Funke’s intense seriousness, shot through with a quicksilver sense of humour (Funke means “spark”, appropriately), is the kind of distinctively German sensibility which has almost been forgotten on these shores. It taps into all that is wonderful about Grimm’s fairytales – the vigour, the quirkiness, the instinctive sense of mystery – while recoiling from their racism and cruelty. Where English children’s classics have children losing their parents as quickly as possible, Funke’s novels tend to include parents as protagonists. Mo, Meggie’s father in Inkspell, shares the adventure and the magical power as they search for Meggie’s lost mother.
 
Funke became the breadwinner of the family, writing and illustrating forty books while Rolf, a former printer, took care of the children in order to be as involved with their kids as possible. Like Philip Pullman, Funke understands that what intrigues children most is the power of the adult world: in The Thief Lord, one child chooses to become an adult in a magic roundabout that speeds up or reverses your age. Her own family were all book-obsessed, and her lawyer father took her weekly to the local library in Westphalia, where she read her way through everything and discovered English authors.  (Her favourite children’s novel is TH White’s The Once and Future King, closely followed by Tolkien and CS Lewis.)

“I still remember the first moment when Lucy opened the wardrobe to Narnia, and I thought, I have all those wardrobes of my own. I became a carpenter of wardrobes,” she says with a touch of mischief. Writing the second book of the Inkheart trilogy turned her into a “mad woman scribbling at night, in the cab, on my travels. I opened a door and all these characters ran out.”

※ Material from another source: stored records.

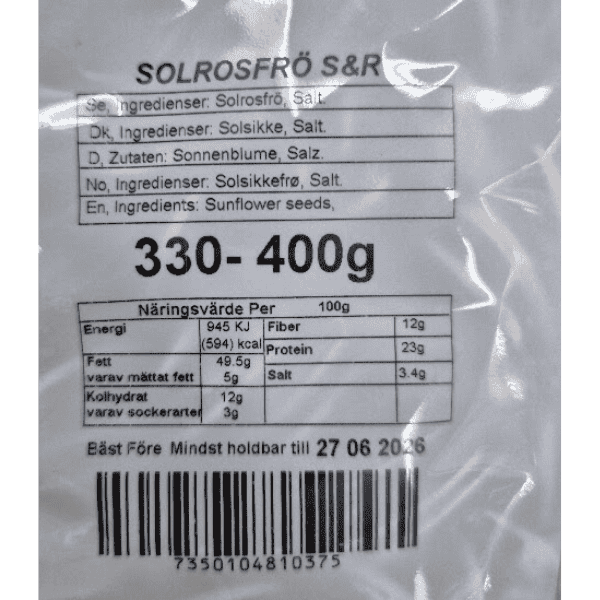 Produkten innehåller inga kända allergener. (Solrosfrön är inte en av de 14 vanligaste allergenerna som måste deklareras enligt EU-lagstiftning, men personer med specifika fröallergier bör vara försiktiga.)
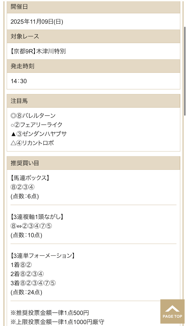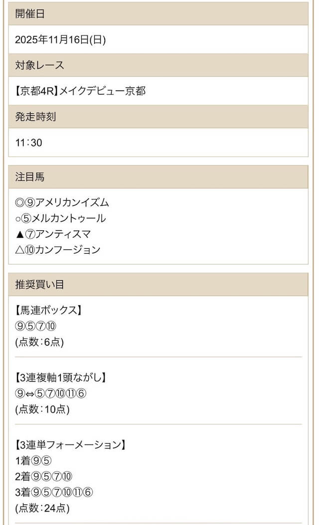 | 戦績 | 57戦48勝9敗 | 的中率 | 86% | 回収率 | 259.5% |
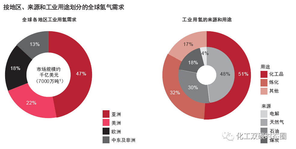 如果化石燃料相应减少,叠加氢气的低碳化生产因素,全球能源行业和工业加工领域有望在 2070年时实现碳中和。氢气的应用并不是新生事物。目前,氢气的年产量为7,000万吨,市场规模约为千亿美元。亚洲(48%),美洲(22%)和欧洲(18%) 紧随其后,而工业企业则是最大的使用群体,八成以上的需求来自炼化和化工行业。

Inkheart, and its sequel Inkspell, have a simple but wonderful premise: what if a gifted reader could actually read themselves into a story? Both Mo and his daughter Meggie share the gift of being able to make people from our world disappear into the world of Inkspell, and make people from Inkspell appear in our world in their place. An exploration of the gift and limitations of story-telling, it abounds in wonderful metaphors and dramatisations for creativity. Yet what is particularly strange is that Funke succeeded in getting Inkheart filmed partly because she based Mo on The Mummy film star Brendan Fraser while writing it, and sent him a copy. His interest in playing the part of Mo, which developed into firm family friendship, helped the film get commissioned by New Line.

“I wrote Brendan into my life,” she says, smiling. “He said how strange it was to find somebody on the other side of the planet who knew him so well.”

The current Renaissance in children’s literature is one she views as “a really large bloom, an exceptional situation, which it’s very nice to be part of,” while being aware how rare it is for authors to be a success in more than one country – Pullman she says is almost unknown in Germany, just as the American authors Kate di Camillo and Jerry Spinelli are here. Her new life in California was funded by her sales as a writer, long before the film money came rolling in, and although she is grateful for the sensitive support of new friends there, it’s clear that she is someone who lives, to an exceptional degree, inside books, language and her own creative world.  

“Germans don’t write fantasy,” she says. “I think in a way we’re a little scared of our own tradition because we had the Fascists grab so many myths. I hope the new generation will be able to grab them back and feel free to use them again – in a responsible way.”